**What to work on**
The answer must be an exact copy of the lines from the one with "Commemorate graduation day" through the final line below, with no pictures and nothing else.

**Data shown**
○ ○ ○ ○ ○ ○ ○
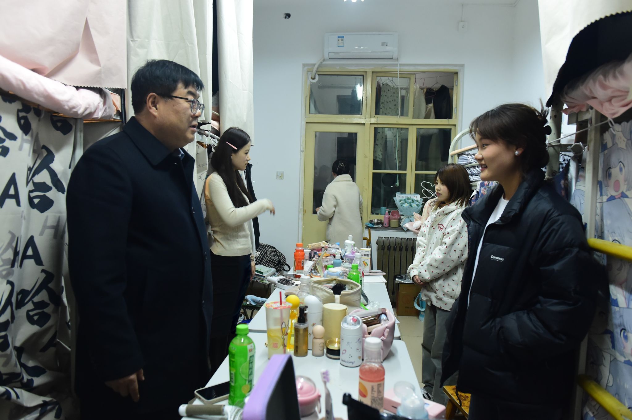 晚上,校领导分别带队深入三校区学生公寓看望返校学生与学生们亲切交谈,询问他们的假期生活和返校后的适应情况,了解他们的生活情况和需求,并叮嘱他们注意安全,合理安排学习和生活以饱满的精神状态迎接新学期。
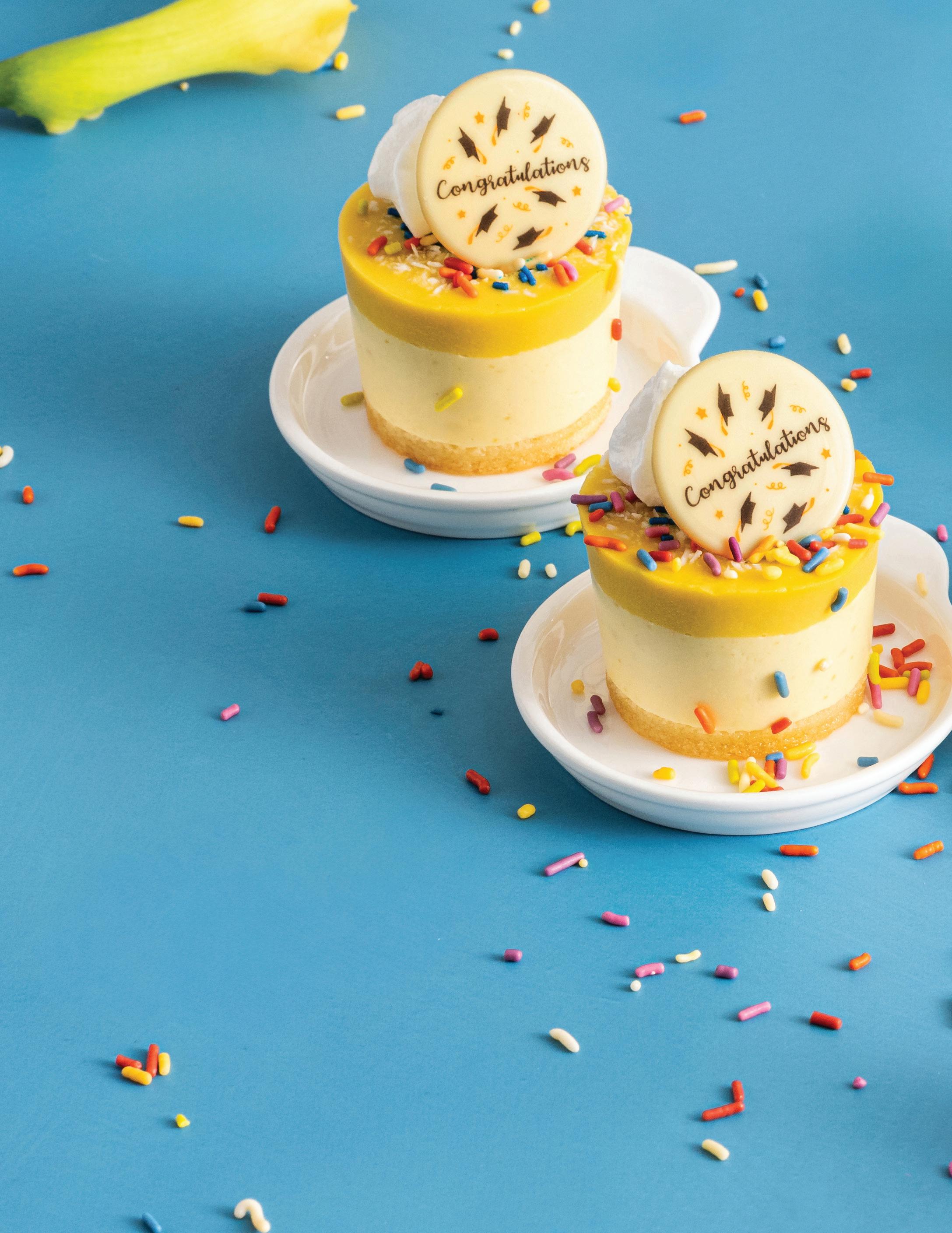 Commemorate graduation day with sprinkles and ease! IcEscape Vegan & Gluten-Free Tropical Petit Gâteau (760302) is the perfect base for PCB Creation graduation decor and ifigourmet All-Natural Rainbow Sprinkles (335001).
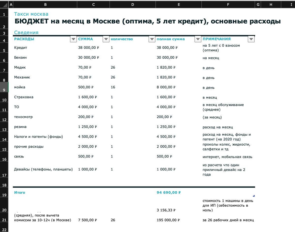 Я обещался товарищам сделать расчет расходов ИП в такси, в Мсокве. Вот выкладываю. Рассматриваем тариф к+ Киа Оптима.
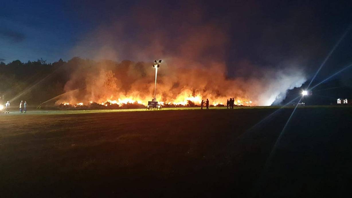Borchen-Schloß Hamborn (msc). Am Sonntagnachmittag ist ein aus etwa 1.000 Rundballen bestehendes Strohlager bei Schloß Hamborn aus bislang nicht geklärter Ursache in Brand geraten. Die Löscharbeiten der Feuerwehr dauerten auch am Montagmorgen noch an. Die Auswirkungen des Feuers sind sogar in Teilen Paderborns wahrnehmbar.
○ ○ ○ ○ ○ ○ ○
**Solution for this problem**
 Commemorate graduation day with sprinkles and ease! IcEscape Vegan & Gluten-Free Tropical Petit Gâteau (760302) is the perfect base for PCB Creation graduation decor and ifigourmet All-Natural Rainbow Sprinkles (335001).
 Я обещался товарищам сделать расчет расходов ИП в такси, в Мсокве. Вот выкладываю. Рассматриваем тариф к+ Киа Оптима.
Borchen-Schloß Hamborn (msc). Am Sonntagnachmittag ist ein aus etwa 1.000 Rundballen bestehendes Strohlager bei Schloß Hamborn aus bislang nicht geklärter Ursache in Brand geraten. Die Löscharbeiten der Feuerwehr dauerten auch am Montagmorgen noch an. Die Auswirkungen des Feuers sind sogar in Teilen Paderborns wahrnehmbar.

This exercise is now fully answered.